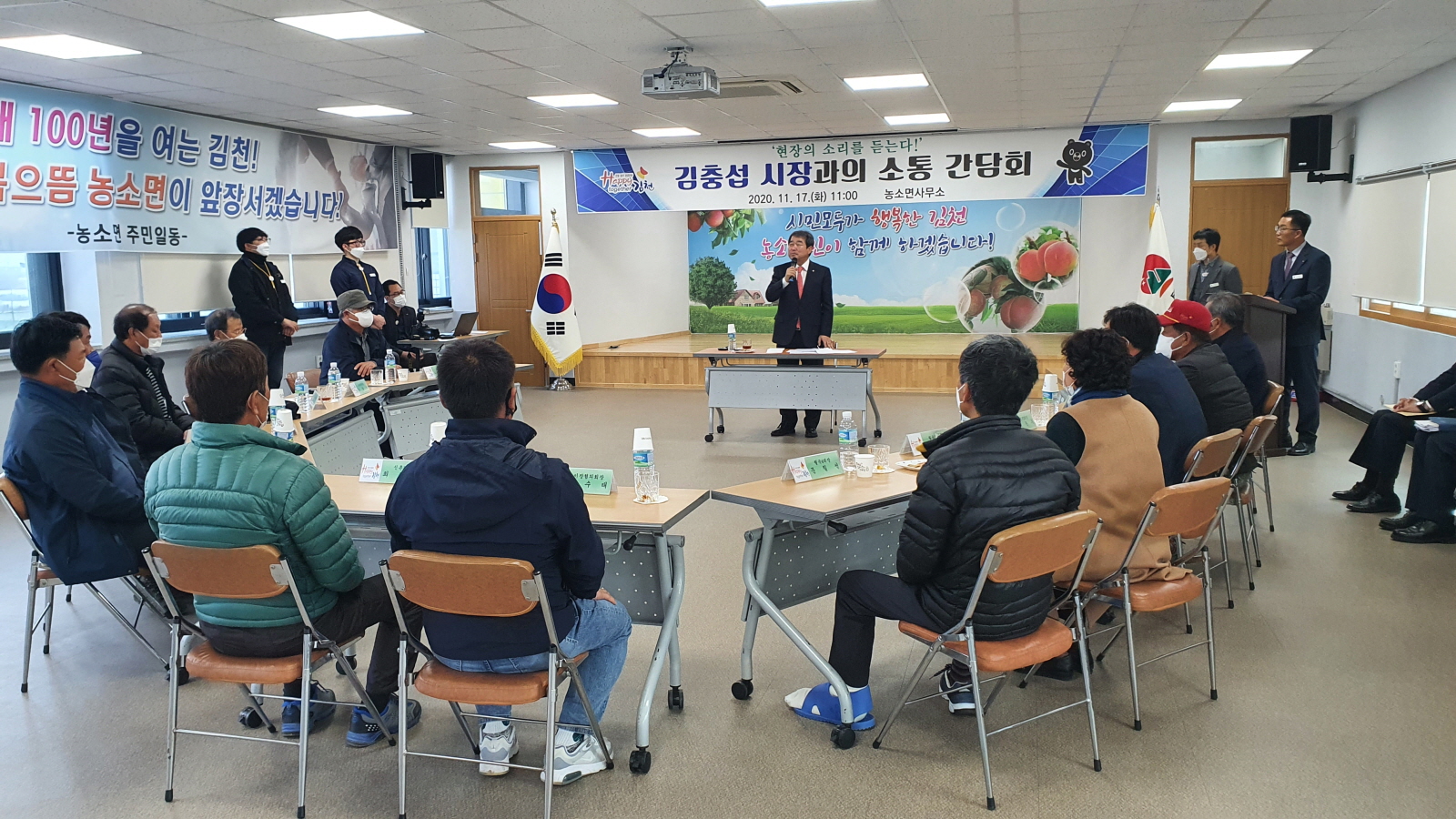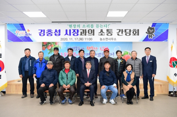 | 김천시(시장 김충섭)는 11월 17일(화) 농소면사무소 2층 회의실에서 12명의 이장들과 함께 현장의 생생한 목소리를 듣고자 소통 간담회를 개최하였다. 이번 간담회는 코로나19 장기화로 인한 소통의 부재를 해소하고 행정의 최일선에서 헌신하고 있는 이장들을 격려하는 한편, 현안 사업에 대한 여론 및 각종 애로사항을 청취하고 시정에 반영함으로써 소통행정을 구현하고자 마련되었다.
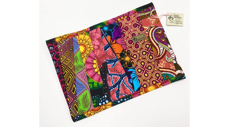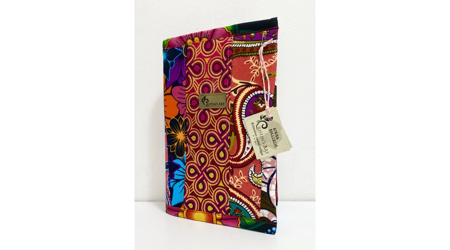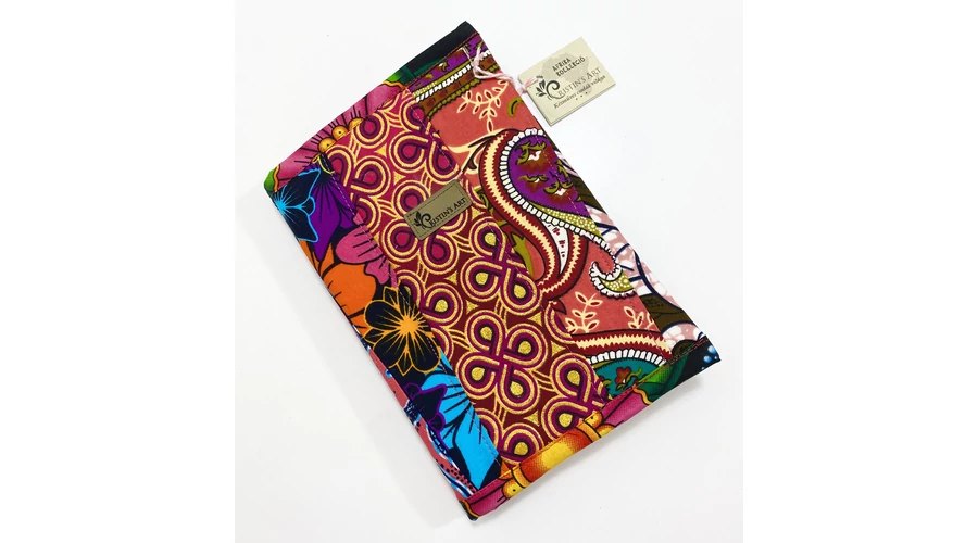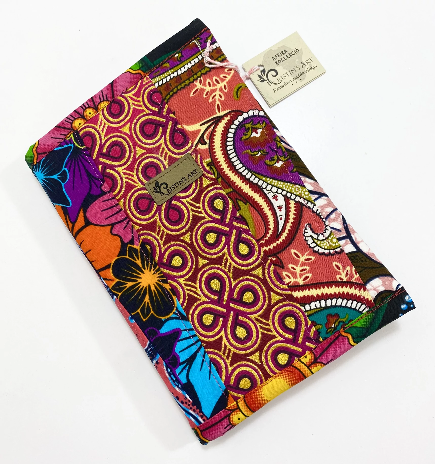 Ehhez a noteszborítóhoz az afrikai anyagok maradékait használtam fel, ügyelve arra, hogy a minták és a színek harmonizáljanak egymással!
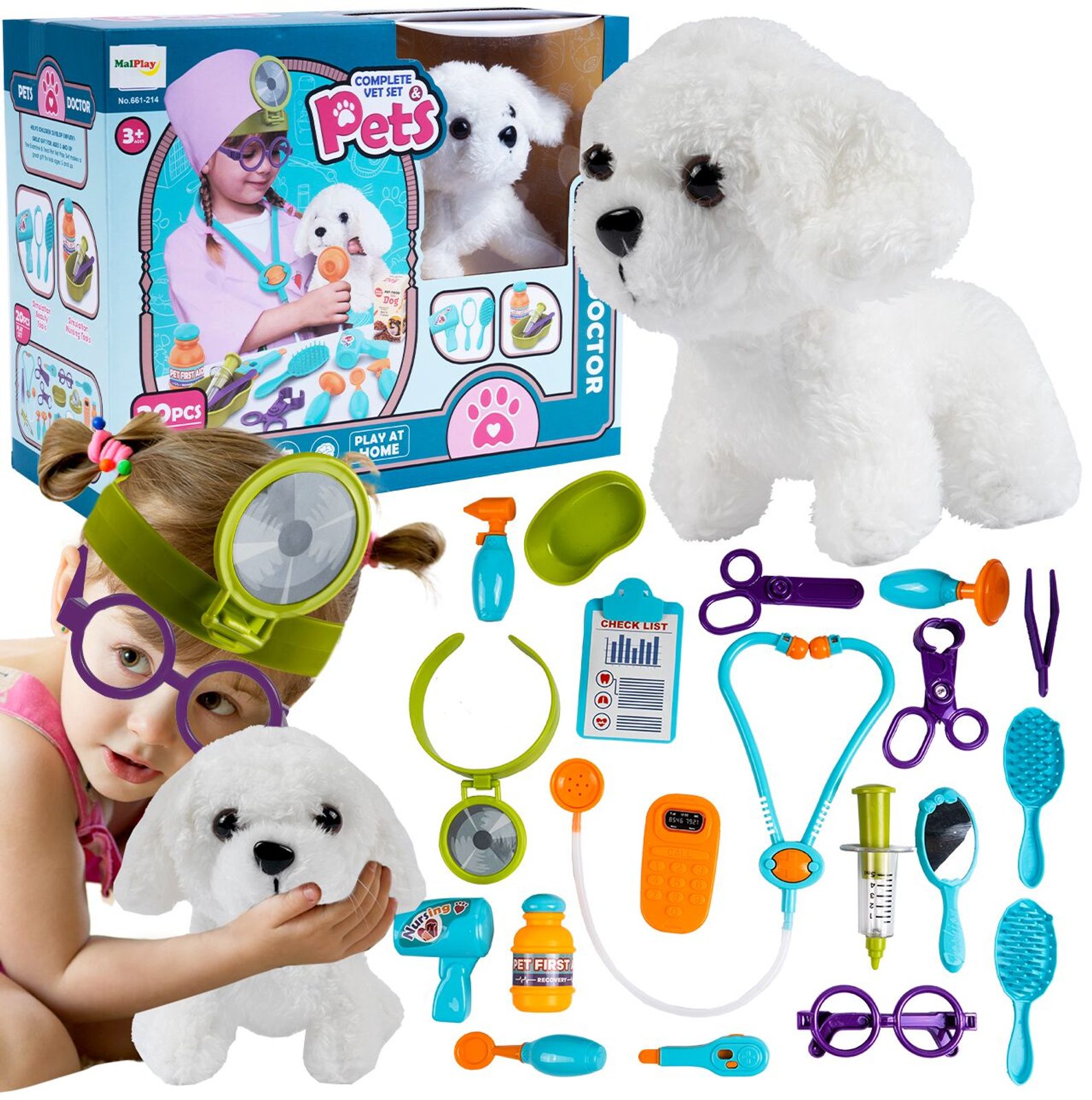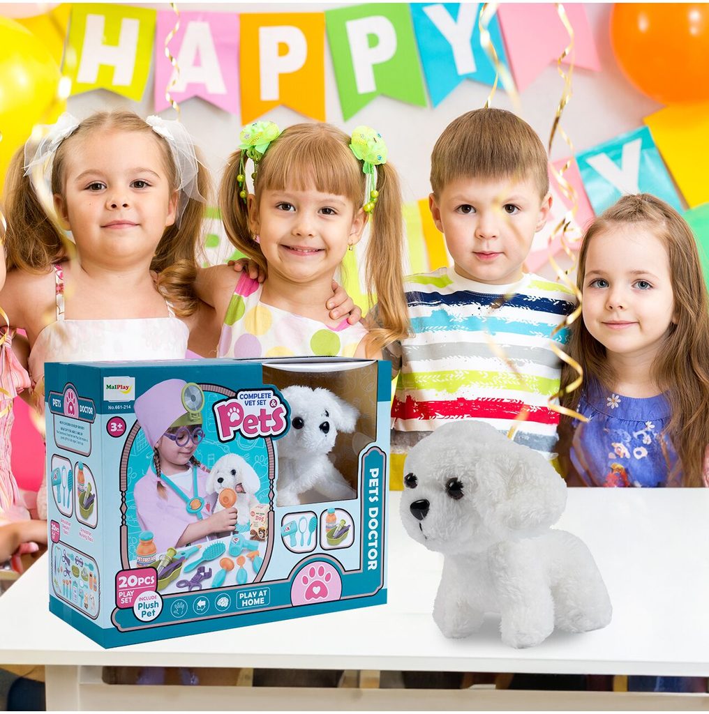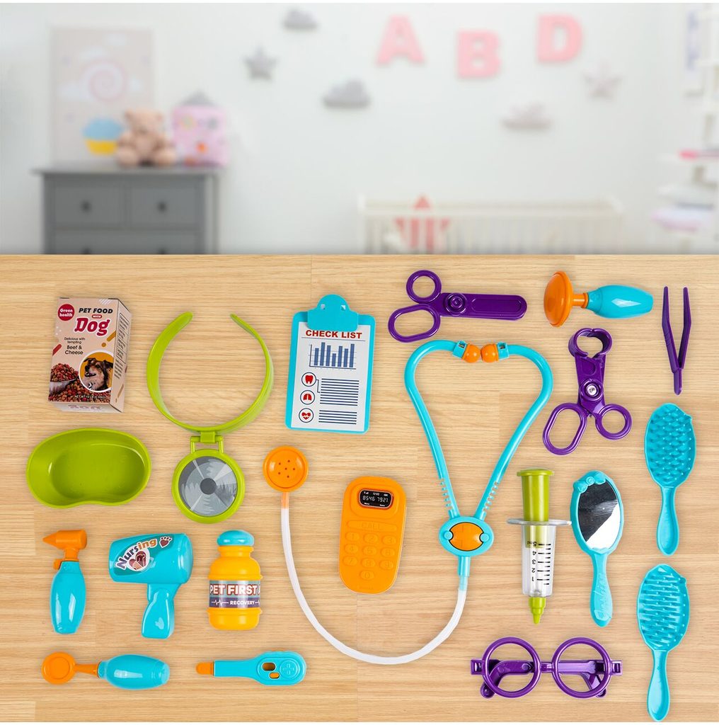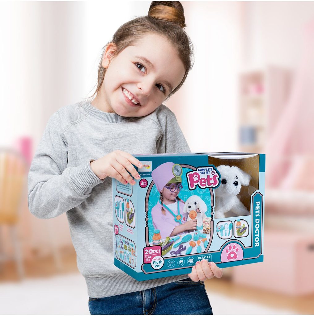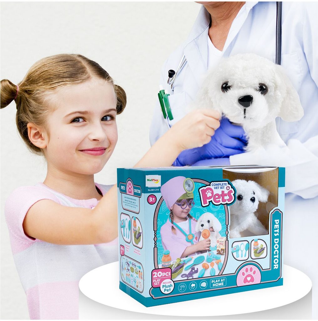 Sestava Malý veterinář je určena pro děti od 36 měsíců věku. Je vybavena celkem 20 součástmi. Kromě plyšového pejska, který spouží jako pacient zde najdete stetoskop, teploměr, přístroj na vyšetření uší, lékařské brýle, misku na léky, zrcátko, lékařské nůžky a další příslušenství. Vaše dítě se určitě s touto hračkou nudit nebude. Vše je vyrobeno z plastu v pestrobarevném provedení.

+++

Everything in the listing above is to be given again exactly, apart from the pictures.

-- SOLUTION BELOW --
 | 김천시(시장 김충섭)는 11월 17일(화) 농소면사무소 2층 회의실에서 12명의 이장들과 함께 현장의 생생한 목소리를 듣고자 소통 간담회를 개최하였다. 이번 간담회는 코로나19 장기화로 인한 소통의 부재를 해소하고 행정의 최일선에서 헌신하고 있는 이장들을 격려하는 한편, 현안 사업에 대한 여론 및 각종 애로사항을 청취하고 시정에 반영함으로써 소통행정을 구현하고자 마련되었다.
 Ehhez a noteszborítóhoz az afrikai anyagok maradékait használtam fel, ügyelve arra, hogy a minták és a színek harmonizáljanak egymással!
 Sestava Malý veterinář je určena pro děti od 36 měsíců věku. Je vybavena celkem 20 součástmi. Kromě plyšového pejska, který spouží jako pacient zde najdete stetoskop, teploměr, přístroj na vyšetření uší, lékařské brýle, misku na léky, zrcátko, lékařské nůžky a další příslušenství. Vaše dítě se určitě s touto hračkou nudit nebude. Vše je vyrobeno z plastu v pestrobarevném provedení.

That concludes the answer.